Raw data:
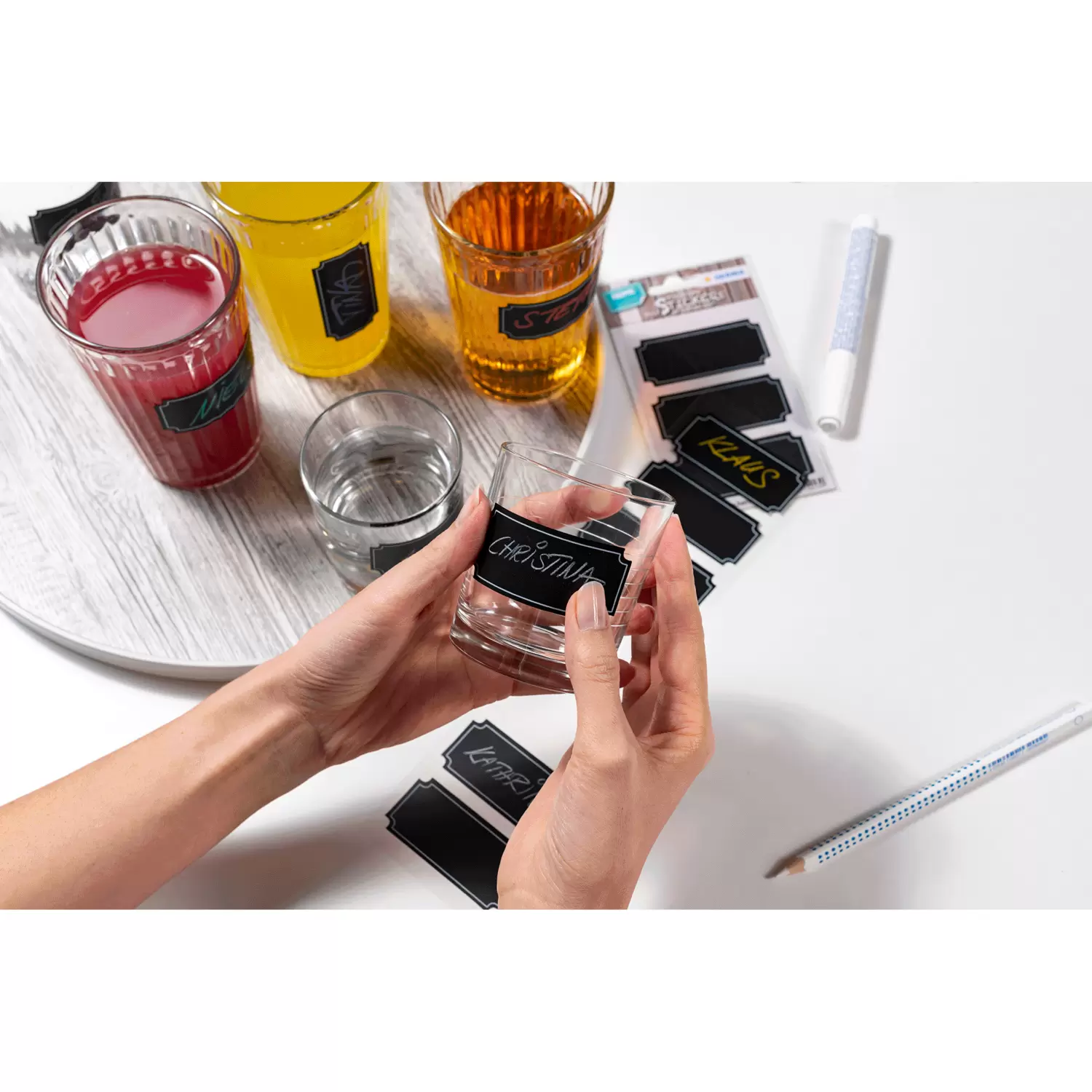 Krijtbordetiketten: Perfect om te decoreren of kado te geven. Met krijtjes of krijtstift te beschrijven. Met vocht uitwisbaar en opnieuw te beschrijven. De etiketten plakken permanent op alle gladde opp ervlakken zoals glas, keramiek, kunststof en metaal
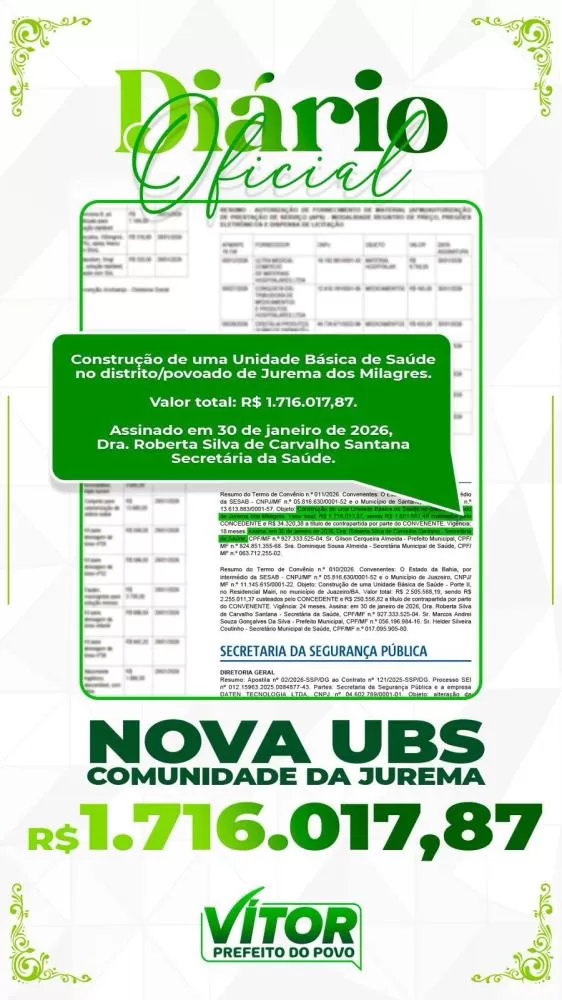 O anúncio da nova UBS para a comunidade da Jurema foi feito pelo prefeito Vitor do Posto, por meio de suas redes sociais. CLIQUE AQUI.
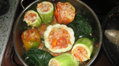Практически я взяла идею голубцов, но готовила фаршированные овощи: перец, кабачок, патиссон и листья мангольда.
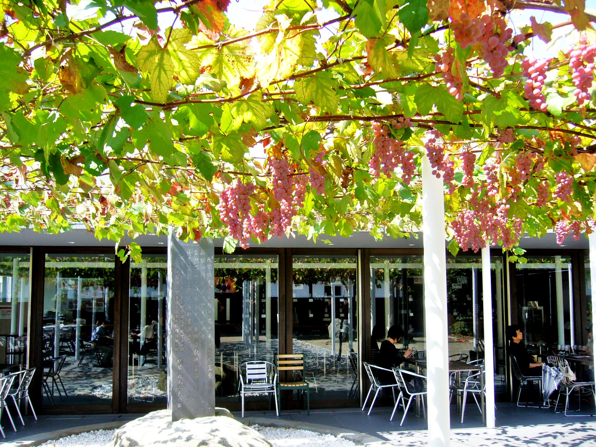 ショップに隣接するテラスからは目に前にブドウ畑と甲府盆地、富士山を一望できます。現在は「富士見テラス」として風景を楽しむ「ビューエリア」、ゆっくりくつろぐ「リラックスエリア」、ブドウ畑を散策できる「ファームエリア」に分かれています。
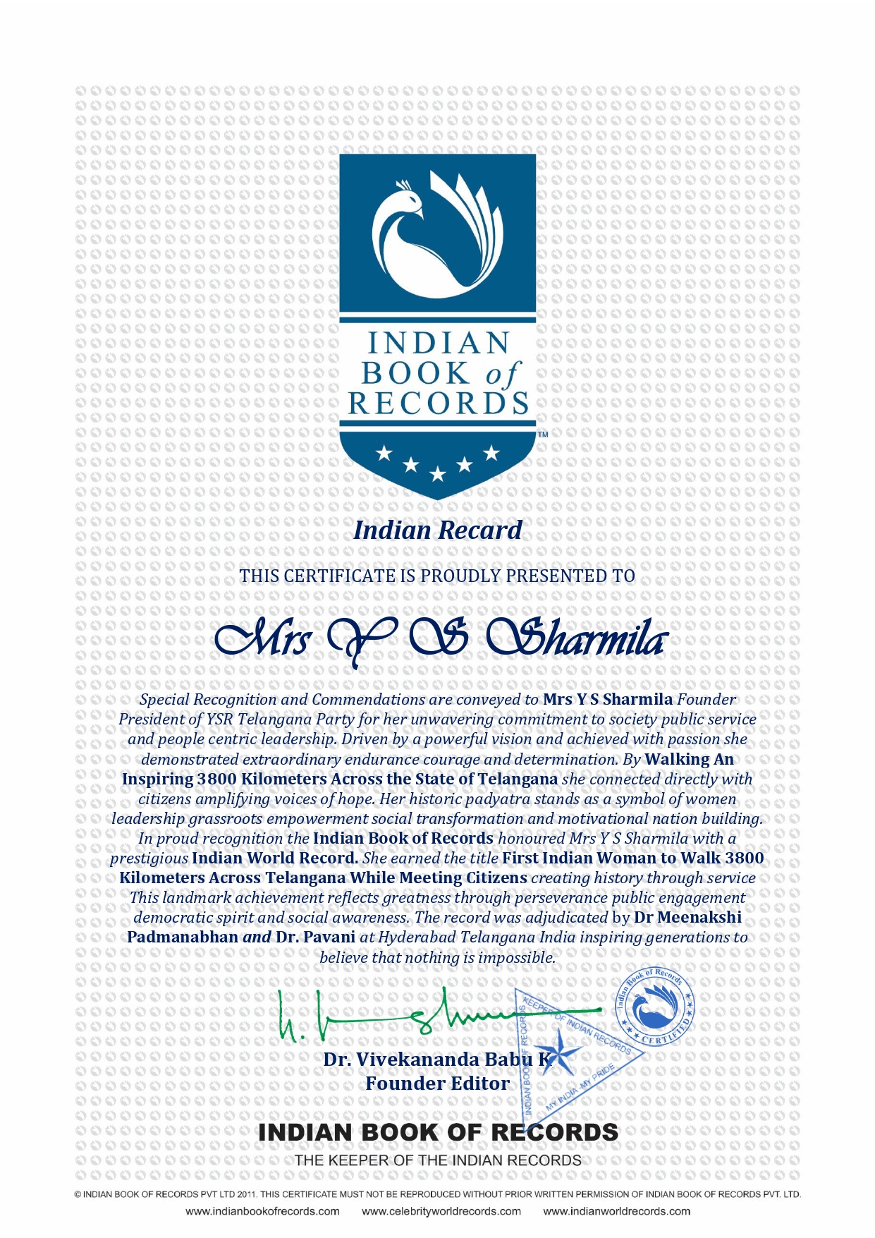 Special Recognition and Commendations are conveyed to Mrs Y S Sharmila Founder President of YSR Telangana Party for her unwavering commitment to society public service and people centric leadership Driven by a powerful vision and achieved with passion she demonstrated extraordinary endurance courage and determination By walking an inspiring 3800 kilometers across the State of Telangana she connected directly with citizens amplifying voices of hope Her historic padyatra stands as a symbol of women leadership grassroots empowerment social transformation and motivational nation building.
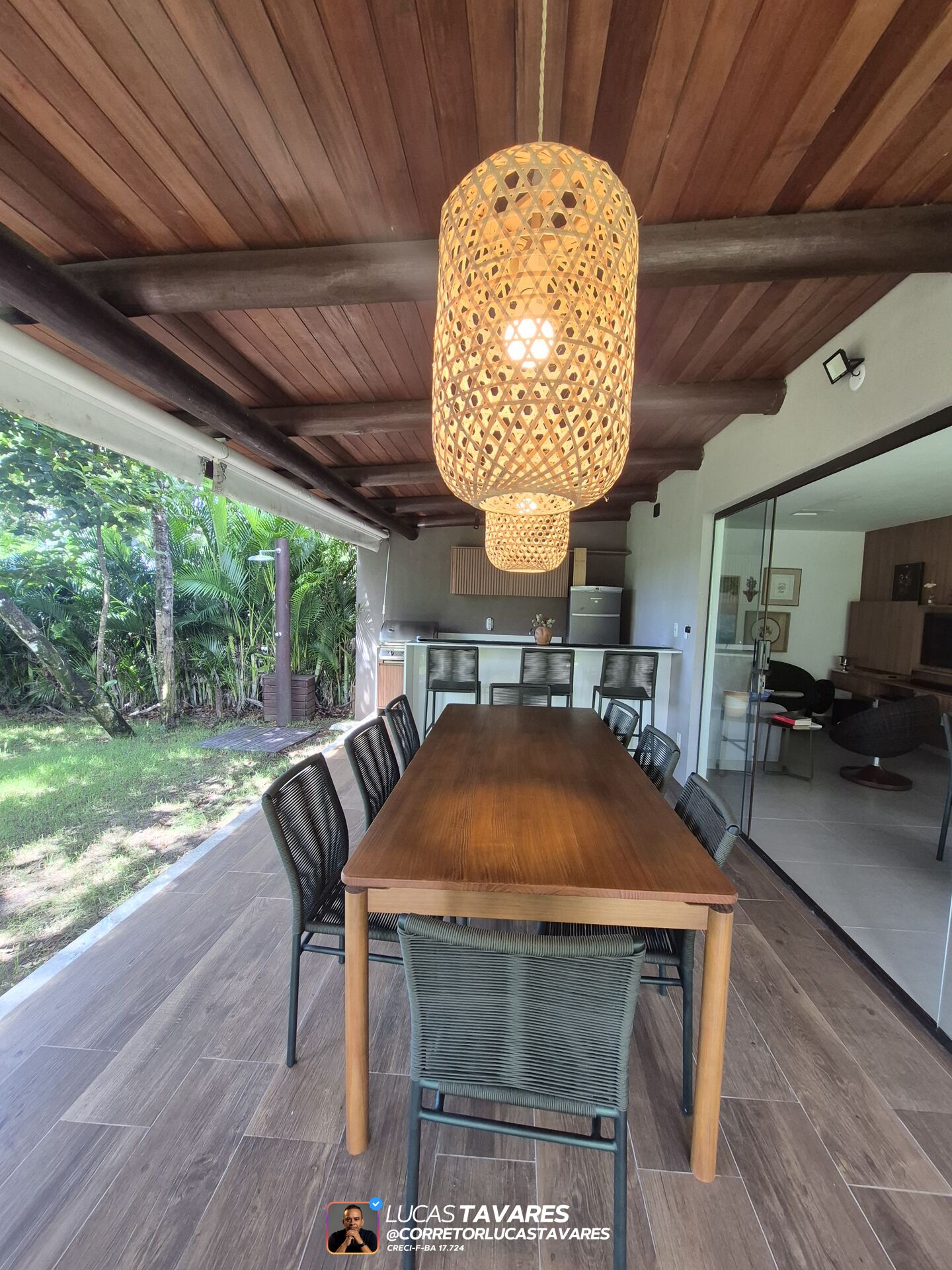- Área Externa Gourmet: Varanda em "L" espaçosa com churrasqueira de inox, bancada de apoio, redário e chuveirão privativo no jardim.
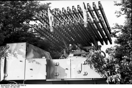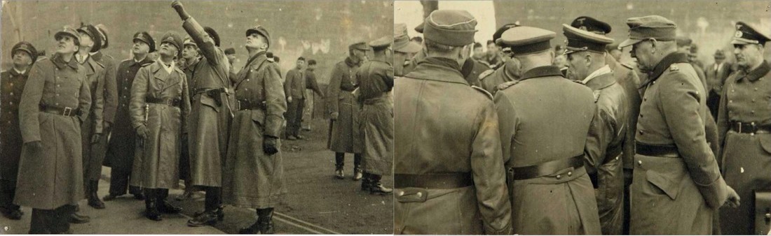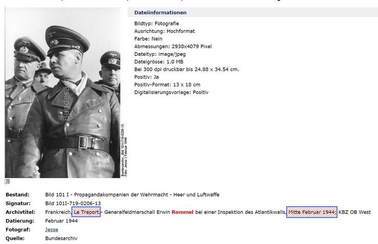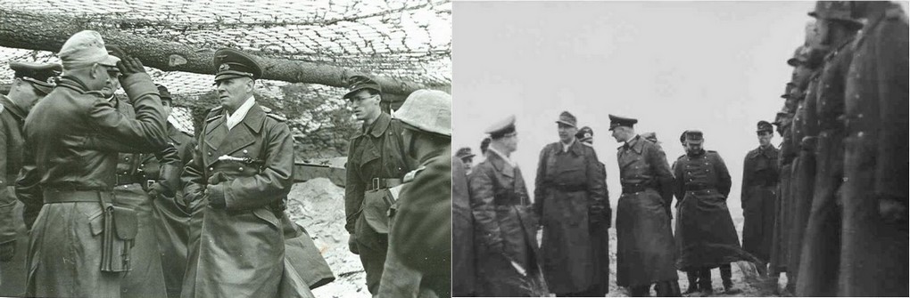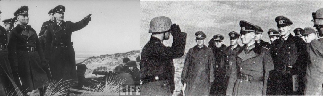 Source à gauche. Le 5 décembre 1943, Radar Freya de la Luftwaffe, Büffel Stellung à Blåvand au Danemark, Le Lt Pleines de la Luftwaffe avec Rommel. Source à droite.
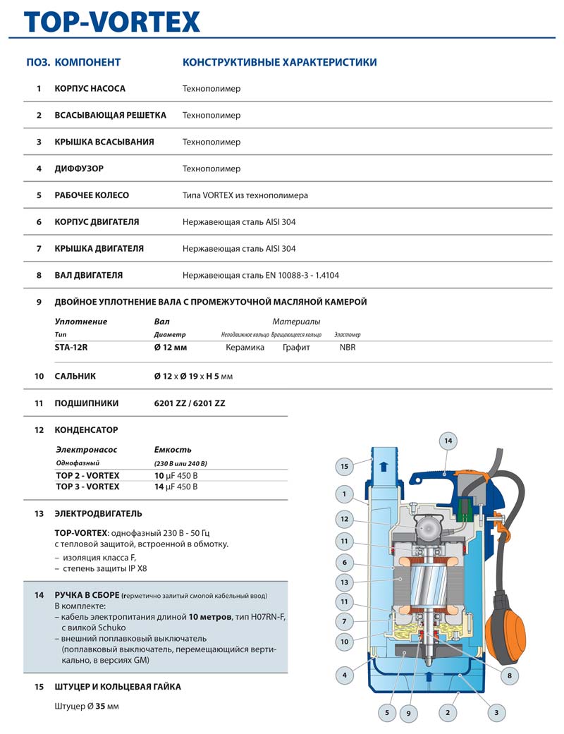 Насоси TOP-VORTEX підходять для дренажу забрудненої води, хімічно неагресивної по відношенню до конструкційних матеріалів насоса. Застосовані конструктивні рішення забезпечують простоту в експлуатації та безпеку функціонування насоса завдяки повному охолодженню двигуна та подвійному механічному ущільненню валу.
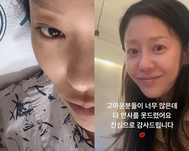 고현정이 입원 당시 모습과 퇴원 후 행복한 미소를 함께 전했다.

Task instructions: I need the entries printed exactly, with each picture left out.

Answer box:
 Krijtbordetiketten: Perfect om te decoreren of kado te geven. Met krijtjes of krijtstift te beschrijven. Met vocht uitwisbaar en opnieuw te beschrijven. De etiketten plakken permanent op alle gladde opp ervlakken zoals glas, keramiek, kunststof en metaal
 O anúncio da nova UBS para a comunidade da Jurema foi feito pelo prefeito Vitor do Posto, por meio de suas redes sociais. CLIQUE AQUI.
Практически я взяла идею голубцов, но готовила фаршированные овощи: перец, кабачок, патиссон и листья мангольда.
 ショップに隣接するテラスからは目に前にブドウ畑と甲府盆地、富士山を一望できます。現在は「富士見テラス」として風景を楽しむ「ビューエリア」、ゆっくりくつろぐ「リラックスエリア」、ブドウ畑を散策できる「ファームエリア」に分かれています。
 Special Recognition and Commendations are conveyed to Mrs Y S Sharmila Founder President of YSR Telangana Party for her unwavering commitment to society public service and people centric leadership Driven by a powerful vision and achieved with passion she demonstrated extraordinary endurance courage and determination By walking an inspiring 3800 kilometers across the State of Telangana she connected directly with citizens amplifying voices of hope Her historic padyatra stands as a symbol of women leadership grassroots empowerment social transformation and motivational nation building.
- Área Externa Gourmet: Varanda em "L" espaçosa com churrasqueira de inox, bancada de apoio, redário e chuveirão privativo no jardim.
 Source à gauche. Le 5 décembre 1943, Radar Freya de la Luftwaffe, Büffel Stellung à Blåvand au Danemark, Le Lt Pleines de la Luftwaffe avec Rommel. Source à droite.
 Насоси TOP-VORTEX підходять для дренажу забрудненої води, хімічно неагресивної по відношенню до конструкційних матеріалів насоса. Застосовані конструктивні рішення забезпечують простоту в експлуатації та безпеку функціонування насоса завдяки повному охолодженню двигуна та подвійному механічному ущільненню валу.
 고현정이 입원 당시 모습과 퇴원 후 행복한 미소를 함께 전했다.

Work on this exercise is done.